GeneGame lets gamers contribute to gene data research on their mobiles

Cancer Research UK and Dundee based developer Guerilla Tea have joined forces to create GeneGame, a mobile title that will allow gamers to analyse gene data and contribute to the fight against cancer.

"We're absolutely delighted to have been selected by Cancer Research UK for this project," said Guerilla Tea CEO Mark Hastings.

"We've always believed games technology has the potential to provide huge benefits to other sectors and this project will be a wonderful example of that. We're very excited to get started and through our work look forward to helping speed up discoveries that one day might lead to new cancer treatments."

In March Cancer Research UK held a gamejam in collaboration with Amazon Web Services, Facebook and Google, where academics, scientists, gamers and designers created 12 gaming prototypes based on the needs of the charity's gene research. GeneGame will build on those foundations, and is due to be completed later this year.
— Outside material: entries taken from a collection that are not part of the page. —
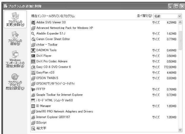
図4 「アプリケーションの追加と削除」

本ソフトをアンインストールする場合は、「スタート」「設定」「コントロールパネル」から、「アプリケーションの追加と削除」(98SE/Me)または「プログラムの追加と削除」(2000/XP)を選択して下さい。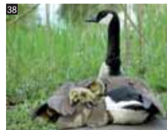
Výherci soutěžní fotografie č. 38 jsou: Ludmila Kasperská z Ostravy, Ludmila Kokšová z Frýdlantu nad Ostravicí a Martin Rezníček z Frýdku-Místku.

V přírodě lze najít řadu nevšedních situací, které nás mohou inspirovat k zajímavým postřehům a vtipným komentářům. Dokumentuje to např. náš soutěžní snímek č. 38, na kterém housátka našla teplo a bezpečí pod křídlem své matky. Co si o této situaci pomysleli naši čtenáři a jakými texty na ni reagovali? Přečtěte si tři nejvydařenější texty, které doputovaly do naší redakce. Jejich autory oceňujeme stokorunou.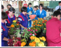
【図 5】左図：枝豆の定植(第 3 回体験入学時に収穫)、右図：花の寄せ植え

8 校 40 名の中学生が本校を訪れ、枝豆の定植と寄せ植えを楽しく体験しました。この体験入学を通して、コース制(生産科学&生活科学)の特徴、行事、資格取得、そして進路状況など、本校生産技術科の特色ある教育活動を知り、認識を新たにしたい生徒さんがほとんどでした。またお会いできることを楽しみにしています。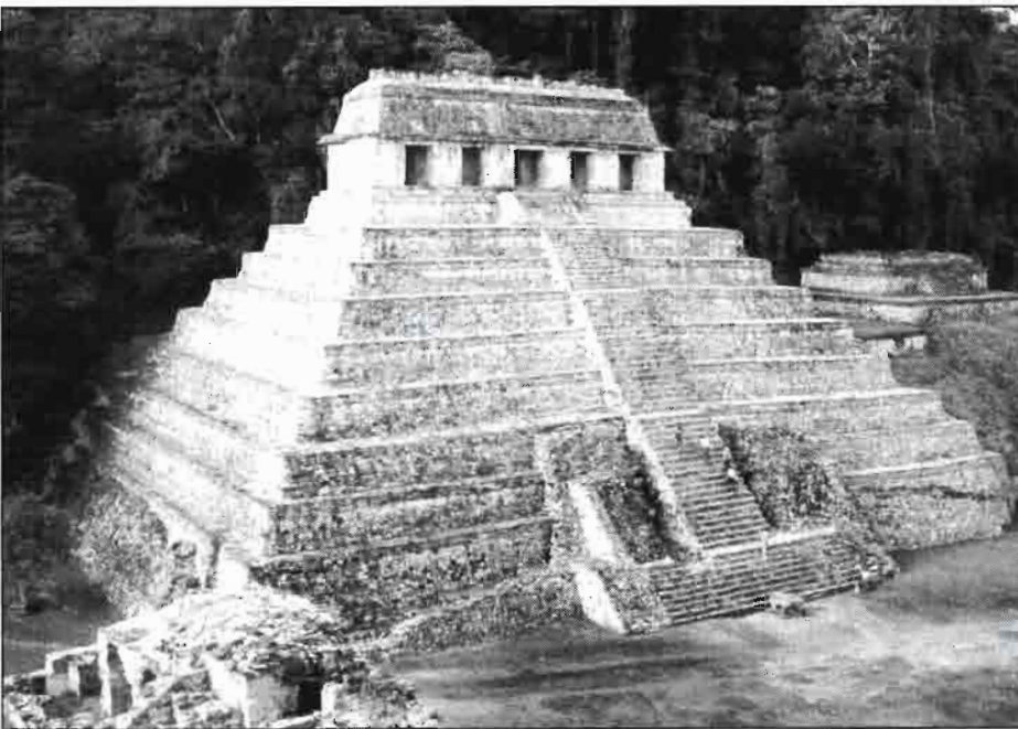
Palenque. Templo de las Inscripciones. (Méjico)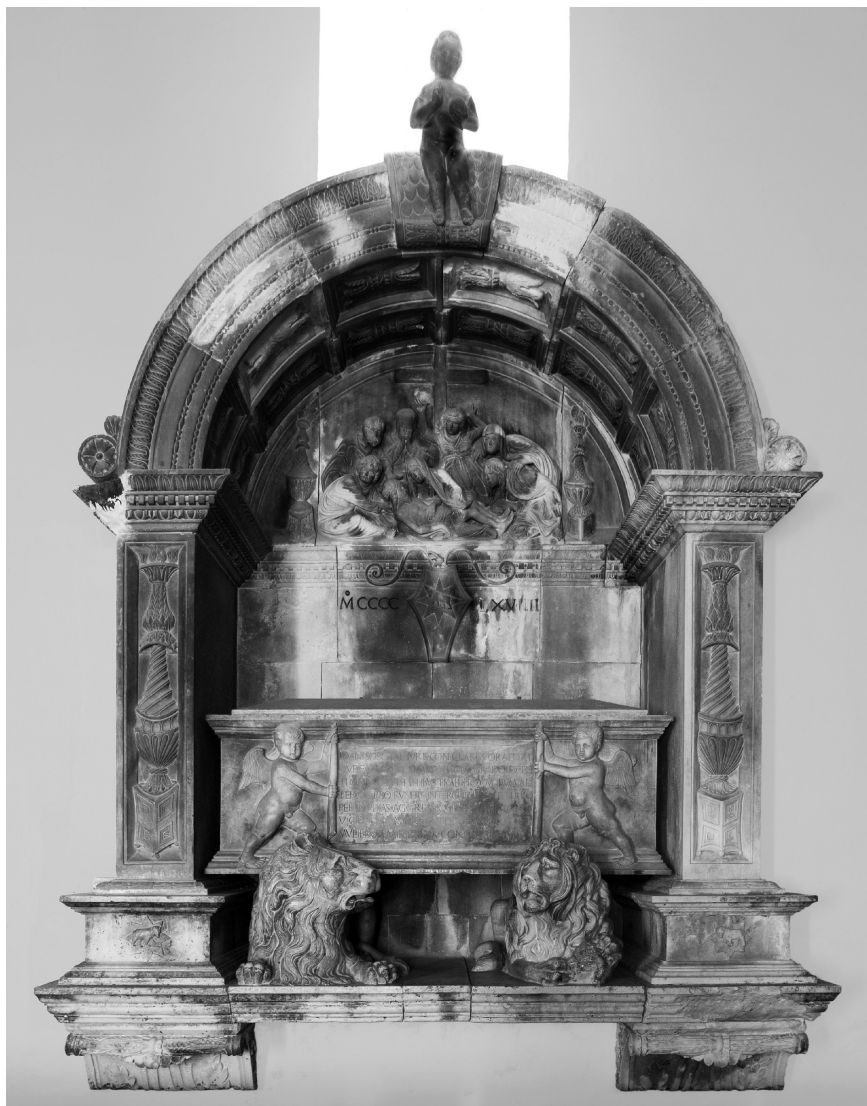
Nikola Firentinac, Grobnica obitelji Sobota, 1468. g.

okvirom, 53,5 x 63 cm) iz XVIII. st.; Sv. Dominik (ulje na bakrenom limu, s drvenim izrezbarenim i pozlaćenim okvirom, 41,5 x 35 cm) iz XVIII. st.; druga slika istog sadržaja (ulje na platnu, 65 x 52 cm) iz istog razdoblja; Sv. Marko (oval, tempera na staklu, s drvenim pozlaćenim okvirom, 41,5 x 38 cm) iz XVIII. st.; Pietà (tempera na drvu, s drvenim okvirom, 54 x 50 cm) iz početka XVII. st.; 5 zavjetnih slika s raznim motivima (ulje na drvu, 21 x 28 cm); Bogorodica s Isusom i sv. Ivanom Krstiteljem (oval, ulje na platnu, s drvenim izrezbarenim pozlaćenim i polikromiranim okvirom, 118 x 98,5 cm), iz XVII. st.; Gospa Žalosna (oval, ulje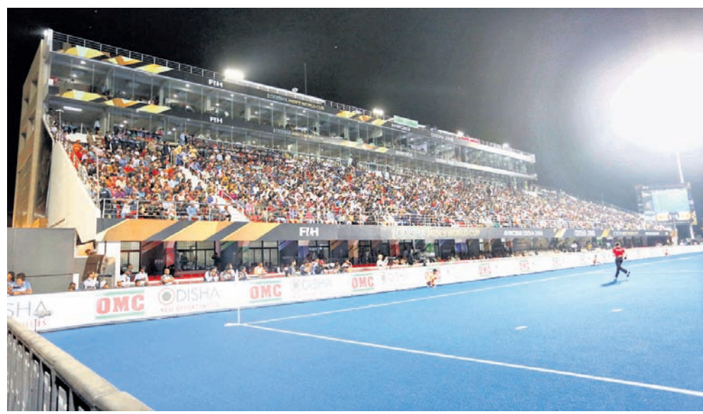
ଲେଖାଏ ଧାର୍ଯ୍ୟ କରାଯାଇଛି ।

ଏହି ଚୁର୍ନାମେଣ୍ଟ ୨୦୨୦ ଅଲିମ୍ପିକ୍ କ୍ୱାଲିଫାୟିଂ ଚୁର୍ନାମେଣ୍ଟ ପାଇଁ ଯୋଗ୍ୟତା ପର୍ଯ୍ୟାୟ ଭାବେ ବିବେଚିତ । ଏଥିରେ ଏସିଆନ ଗେପୁ ଗୋଲ୍ ମେଡାଲିଷ୍ଟ କାପାନ, ମେକ୍ସିକୋ, ଆମେରିକା, ପୋଲାଣ୍ଡ, ଦକ୍ଷିଣ ଆଫ୍ରିକା, ରୁଷିଆ, ଉତ୍ତରକୋରୀୟା ଓ ଆୟୋଜକ ଭାରତ ଅଂଶଗ୍ରହଣ କରିବ । ଅଲିମ୍ପିକ୍ ଯୋଗ୍ୟତା ହାସଲ ଲକ୍ଷ୍ୟରେଥିବା ଭାରତ ଅନ୍ୟ ୭ ଦଳ ଭୁଜନାରେ ଉଚ୍ଚ ର୍ୟାଙ୍କିଂ ପାଇଁ ଲିଭି ପର୍ଯ୍ୟାୟ ପାଇଁ ଟିକେଟ ଦର ଇଷ୍ଟ ଷ୍ଟାଣ୍ଡ ଲାଗି ୨୦୦ଟଙ୍କା ଲେଖାଏ ରଖା ଯାଇଛି । ସେହିପରି ନର୍ଥ ଓ ସାଉଥ ଷ୍ଟାଣ୍ଡ ପାଇଁ ଟିକେଟ ମୂଲ୍ୟ ୧୦୦ଟଙ୍କା ରଖା ଯାଇଛି । ସେମିଫାଇନାଲ ଓ ଫାଇନାଲ ପାଇଁ ଇଷ୍ଟ ଷ୍ଟାଣ୍ଡ ଟିକେଟ ମୂଲ୍ୟ ୨୫୦ ଓ ନର୍ଥ ଓ ସାଉଥ ଷ୍ଟାଣ୍ଡ ଲାଗି ୧୫୦ ଟଙ୍କା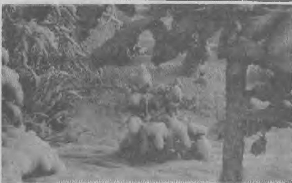
Взгляни на январскую эту красу — Увидишь, что грусти не место. И сосны стоят в онемевшем лесу, Как в белых нарядах невесты.

воспитатель общежития, член общественной комиссии.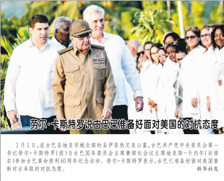
劳尔·卡斯特罗说古巴已准备好面对美国的对抗态度

分析人士说,欧元未来发展仍面临先天结构性缺陷,改革缓慢,欧元区内部“贫富分化”等制约因素。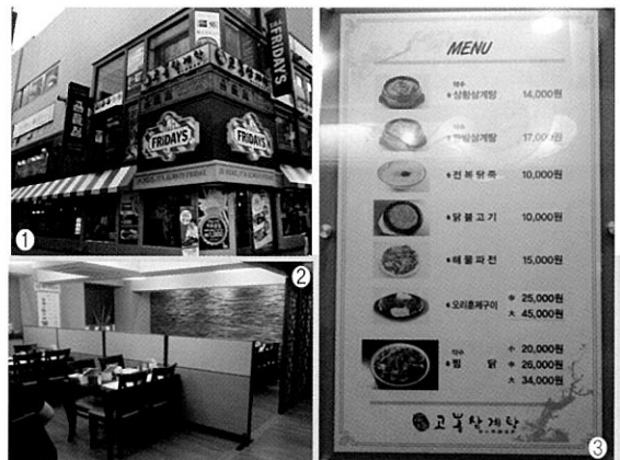
① 고봉삼계탕 외부 전경 ② 고봉삼계탕 내부 ③ 메뉴판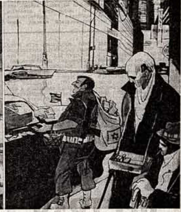
— Приходите, коллега, что мы далеки от планеты.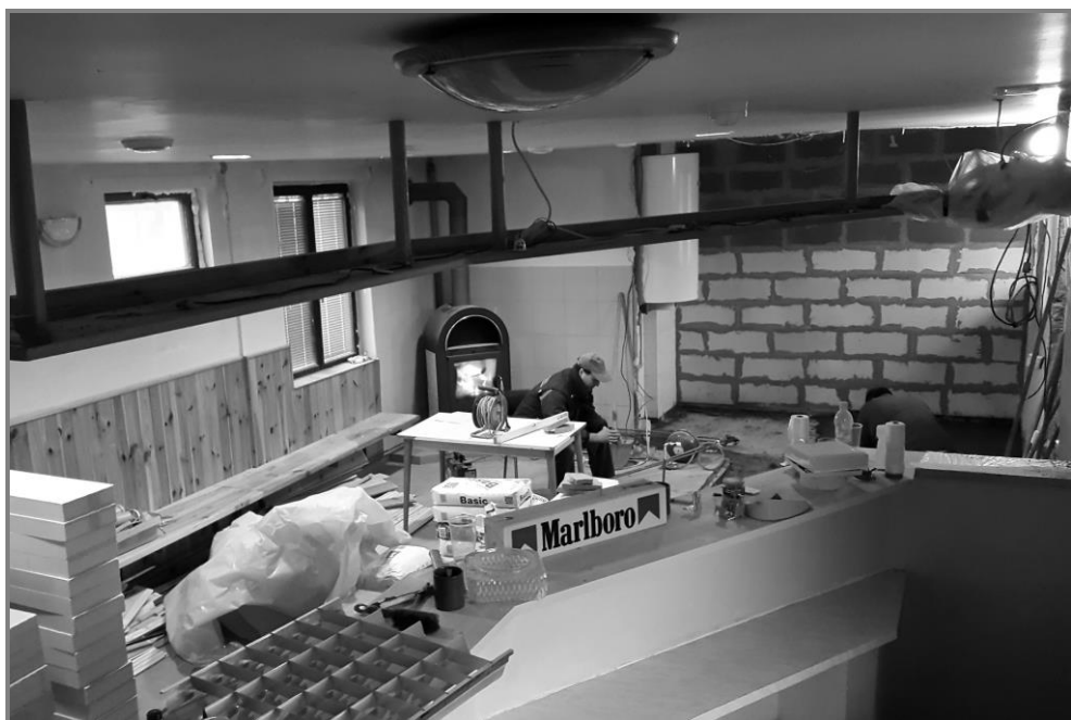
Oprava starých kabin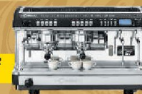
La Cimbali M39 A2 Цена 2000 EUR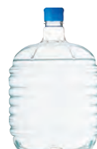
サーバーボトル 12L × 2本 3,700円 (税別)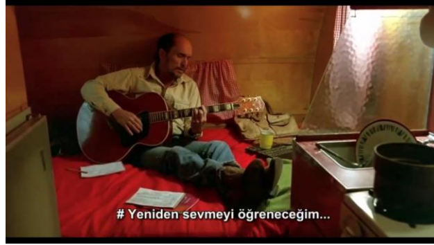
Görsel 5: Mac'in şarkılarındaki düşlemleri bilinçdışını yansıtır

Jung'a göre, bu değerlerin yer aldığı bilinçdışı, potansiyel bir gerçekliktir. Gelecekteki düşüncemiz, yapacağımız iş ve yazgımız bugünümüzün bilinçdışında yatar. Bilinçdışı görüngüler kendilerini bireyin davranışlarında belli ederler. Dikkatli bir gözlemci onları kolayca görebilir (2006b: 184, 187). Mac'in gitarıyla söylediği şarkı sözleri, onun bilinçdışının yansımalarıdır. Şarkı sözlerinde özellikle 'sevgi' teması dikkatimizi çeker. (Görsel 5).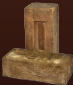
WDF 210x100x65 мм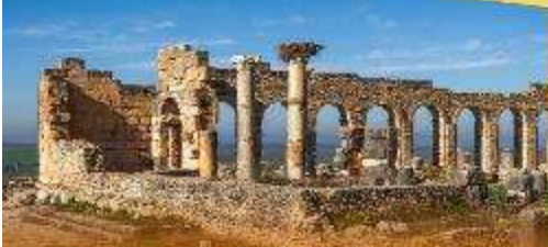
Roman City of Volubilis

เปิดประสบการณ์อนันต์ดาวสุดฟิน กลางทะเลทรายซาฮารา "Luxury Camp"

Gamers are a useful resource for this particular brand of research, as the "terabytes upon petabytes" of data created can only be accurately analysed by the human eye. Utilising gamer's free time is an effective way of speeding up that process.

"We're right at the start of a world-first initiative that will result in a game that we hope hundreds of thousands of people across the globe will want to play over and over again and, at the same time, generate robust scientific data analysis," added Amy Carton, citizen science lead for Cancer Research UK.

"Combining complicated cancer research data and gaming technology in this way has never been done before and it's certainly no mean feat but we're working with the best scientific and technology brains in the business, we're ready for the challenge and believe the results will have global impact and speed up research."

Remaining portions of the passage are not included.